Nel secolo XVIII. Peter Collinson mise a dimora nel proprio giardino, in Inghilterra, numerose specie di conifere e di querce. Importanti furono douglasia e abete di sitka. Gli Orti Botanici delle Università di Oxford e di Edimburgo costruirono apposite collezioni, verso la metà del secolo XIX, al fine di valutare le possibilità offerte in coltura dalle conifere dell'America settentrionale, La Società Orticola di Londra inviò, nel 1804. David Douglas nelle foreste di conifere delle coste occidentali dell'America settentrionale. Verso il 1827. per primo, raccolse i semi di quell'abete, la douglasia, che poi prese il suo nome e anche di altre conifere e di numerose altre specie arboree. La douglasia (Pseudotsuga douiglasii, o meglio, Pseudotsuga menziesii) venne in
realtà scoperta da Menzies ma fu portata in Inghilterra da Douglas. Douglas mori a 35 anni nelle isole Hawaii, dopo aver contribuito alla introduzione in Europa di numerose nuove specie.
Nel 1840, William Lobb, viaggiando per conto dei vivaisti Veitch, si recò nell'America meridionale, in Brasile e in Cile, da dove introdusse Araucaria araucana. Sempre nel 1840, venne effettuata una nuova specifica spedizione, questa volta in California. Il responsabile della spedizione, lo studioso inglese John Jeffrey, rientrò da questo viaggio con numerose specie, tra cui il pino che porta il suo nome e Tsuga hetheropylla. Un viaggio di Lobb in questa regione portò all'introduzione di Sequoiadendron giganteum.

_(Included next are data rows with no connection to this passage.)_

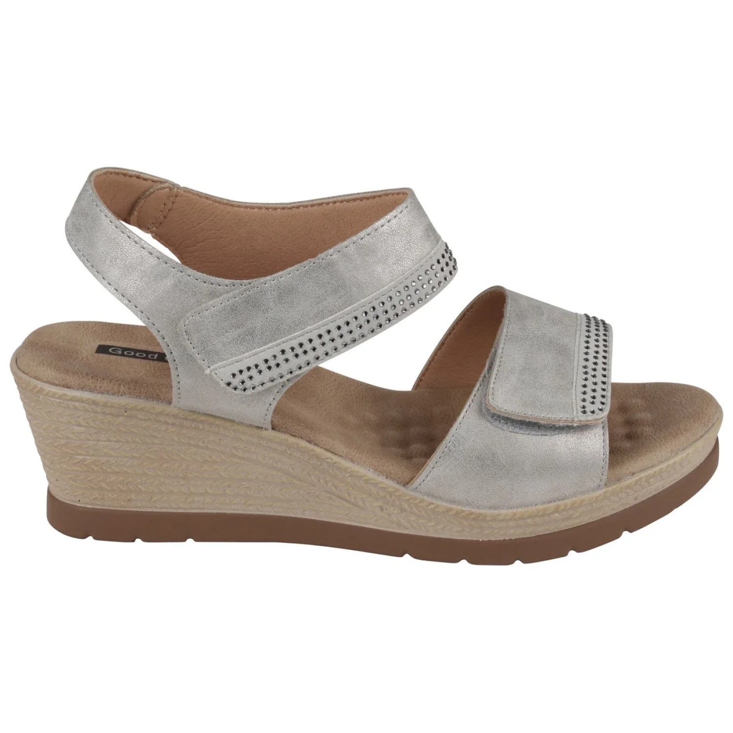 The GC Shoes Jorda slide sandal comes with style and comfort that stays even on a scale. This , double strap slingback sandal gets its lift with a wedge heel that coordinates it beautifully with it's double stay-put upper. Size: 10 2.25" wedge heel, 1.25" platform height Shoe width- medium Stay-put closure Cushioned memory foam footbed for extra comfort, slip-resistant rubber sole Polyurethane upper, synthetic lining, rubber sole Round open toe Stay-put rhinestone detail Polyurethane Hand Wash Imported MSRP: $60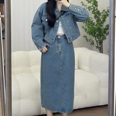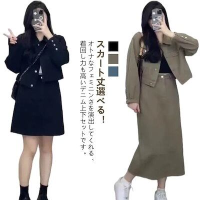 デニムスカート おしゃれ ジャケット カジュアル 秋 レディース 春 ジージャン デニム 3XL Gジャン 2点セット 上下 長袖 セットアップ トップス ボトムス アメカジ ビンテージ M L XL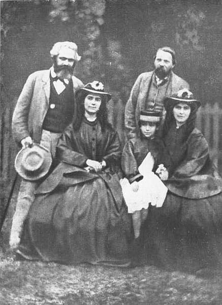 Карл Маркс с дочерьми и Фридрих Энгельс (фото 60-х годов XIX века)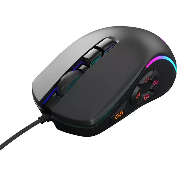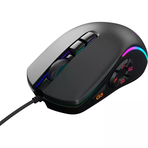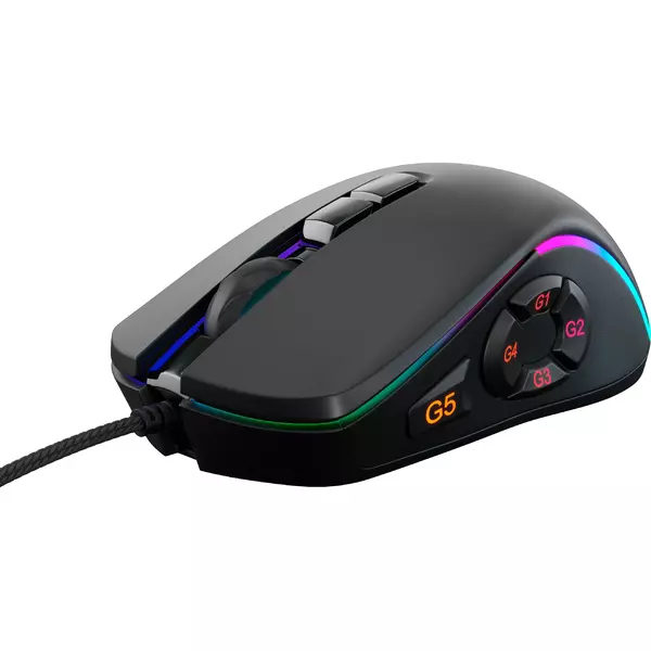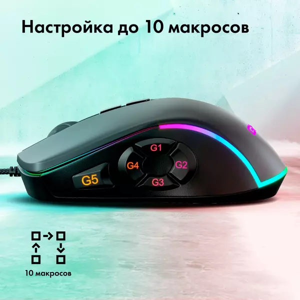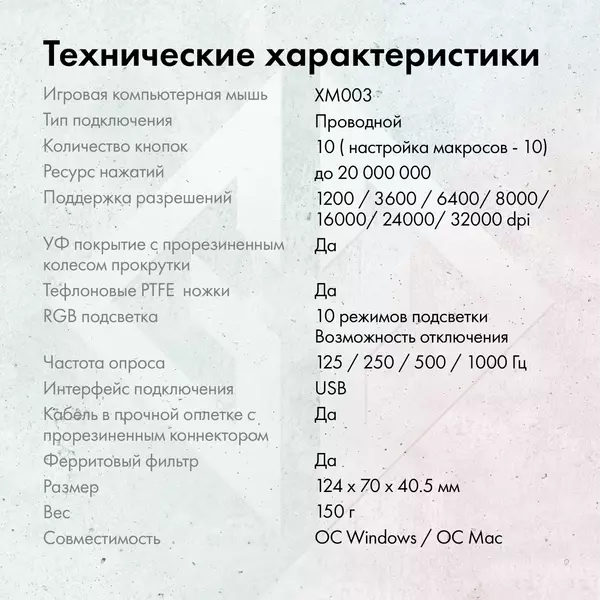 ОсобенностиИгровая компьютерная мышь с разрешением до 32000 dpi. Прорезиненное колесо, софт-тач покрытие корпуса, RGB подсветка, тефлоновые ножки, плетеный кабель с магнитным фильтром, позолоченный коннектор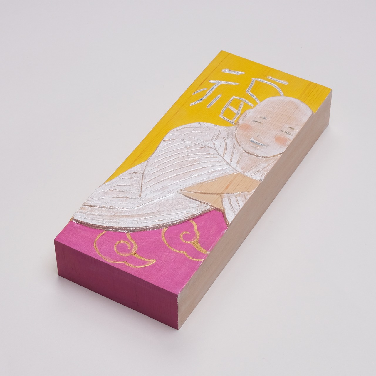 書道の美と技法を現代アートのなかへ吹き込む活動をしている、開田智氏による仙台四郎像です。墨汁と紙が引き起こす偶然性を援用しながら自らのイマジネーションを表現する、そんな新しい「書」の魅力を、制作拠点の富山から全国へ発信している彼女。仙台四郎展のため、このモチーフの伝説と特異性を巧みにとらえながら、「表札」用の木曽檜材を用いた半立体作品を制作しました。7点シリーズで、どれもが1点限りのものです。刻書の技術を応用し彫刻刀で丁寧に掘り、ラッカー仕上げも施したユニークな仙台四郎像。小さいながら、和洋問わずお部屋に合う格調高い作品になりました。飲食店の座敷やカウンター内など様々な場に、またプレゼントとしてもすぐお役立ていただけます。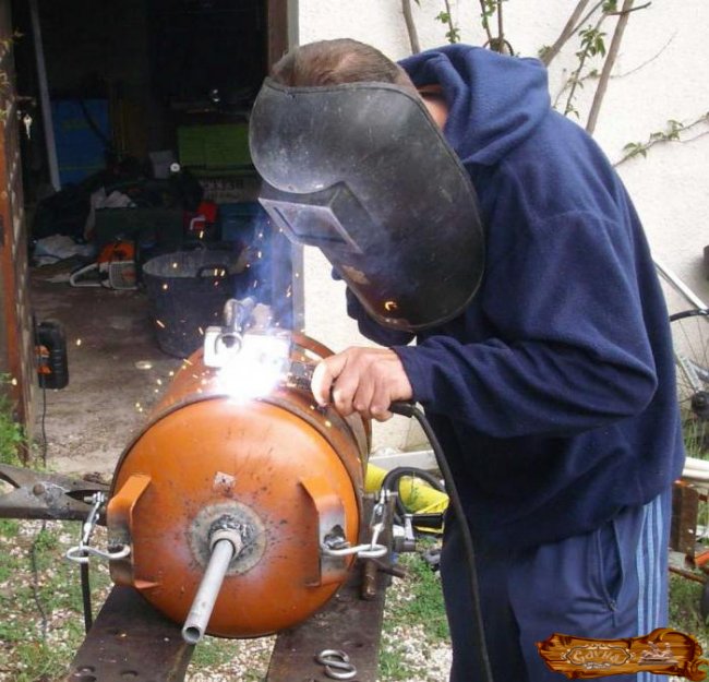Наружная бочка является исключительно корпусом, а вот внутренняя служит для растопки. В бочках также должны быть все необходимые отверстия, ящик для золы и дымоход. Чтобы соорудить дверцу, нужно будет закрыть промежуток между двумя деталями при помощи сварки и металла, дабы предотвратить высыпание песчано-галечного наполнителя.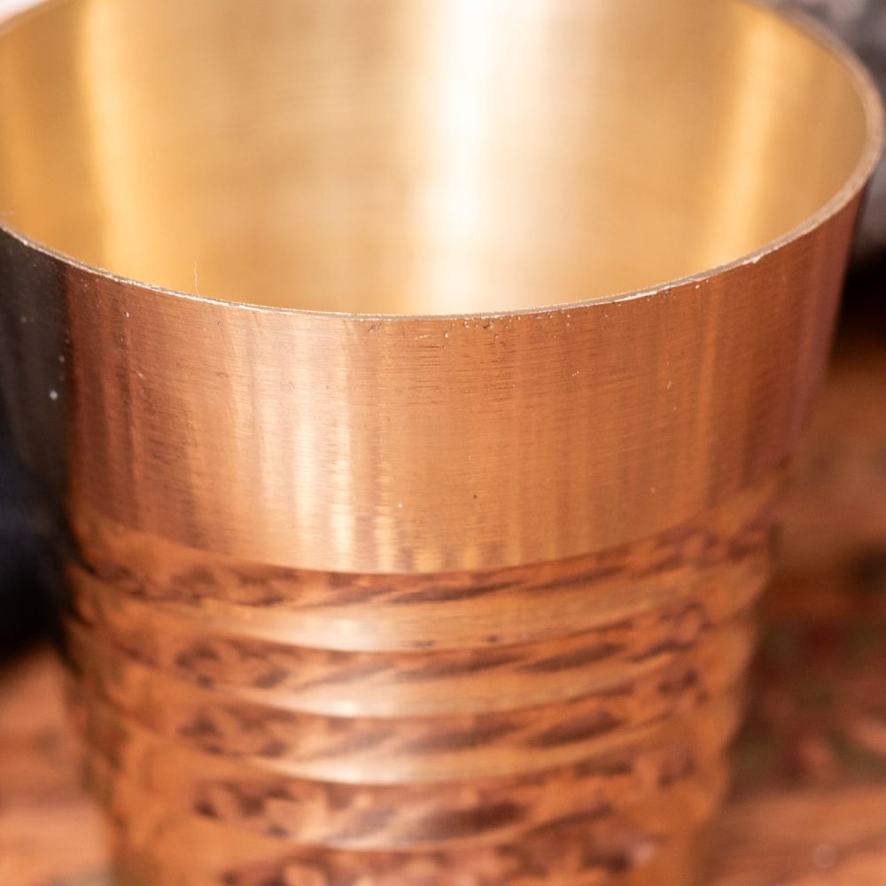 インド現地では礼拝を行う時にガンジス河の水を入れたり、神様への捧げ物の容器として主に使用されるブラスのカップです。古来よりインドではブラスは高級な金属とされ、仏像を作るのに使われたり、宗教用品にはほぼ必ず銅か、ブラスが使われてきました。手のひらに収まる小ぶりな、かわいらしいサイズ感のブラスカップ。模様として入っている横ラインは持つときの滑り止めにもなり、見た目の美しさと実用性を兼ねています。

La Cina e il Giappone restarono chiusi agli Europei sino alla fine del secolo XIX. Il loro isolamento culturale e commerciale non impedì, tuttavia, che un missionario francese, Pierre d'Incarvalle, scoprisse in Cina l'ailanto. Al suo ritorno, l'albero fu introdotto in Europa, nel 1751. Sette anni dopo giunse in Europa il gingko, che arrivò dalla Cina attraverso il Giappone. Il larice giapponese fu introdotto nel 1861 insieme con la specie Juniperus chinensis, capostipite di numerose selezioni e ibridi orticoli. Sempre nel secolo scorso, giunsero il cedro dell'Himalaia e i pini e gli abeti di origine cinese.
Molte specie, poi, sono divenute infestanti e si sono enormemente diffuse a scapito della vegetazione spontanea, cosi la robinia, diffusa nei primi decenni del secolo XVII o l'ailanto, giunto come si è visto dalla Cina nella seconda metà del secolo XVIII.
Specie ornamentali dall'Oriente
Anche ad alcuni fondatori di note ditte vivaistiche come il francese Levesque Vilmorin e l'inglese James Veitch si può attribuire il merito di avere diffuso nel nostro Continente specie arboree e arbustive ornamentali di origine lontana.
Tramite alcune spedizioni, congiuntamente finanziate da vivaisti e dalla Società orticola britannica, vennero introdotte numerose specie arboree come Cryptomeria japonica, nel 1842. Abies forrestii, invece, fu introdotta dalla Cina dal missionario Jean Mane Delavay, verso la fine del secolo XIX.
Padre David legò il suo nome a Buddleia davidii e a Davidi involucrata. Dalla Cina, anche in tempi recenti (1946) è stata importata
Metasequoia glyptostroboides, specie nota da tempo come fossile e che si credeva fosse ovunque estinta, fino a che non la si trovò in Cina nel 1941. Questa specie, molto ornamentale coi suoi bronzei riflessi autunnali, arricchisce il giardino in un'epoca in cui i colori sono pochi.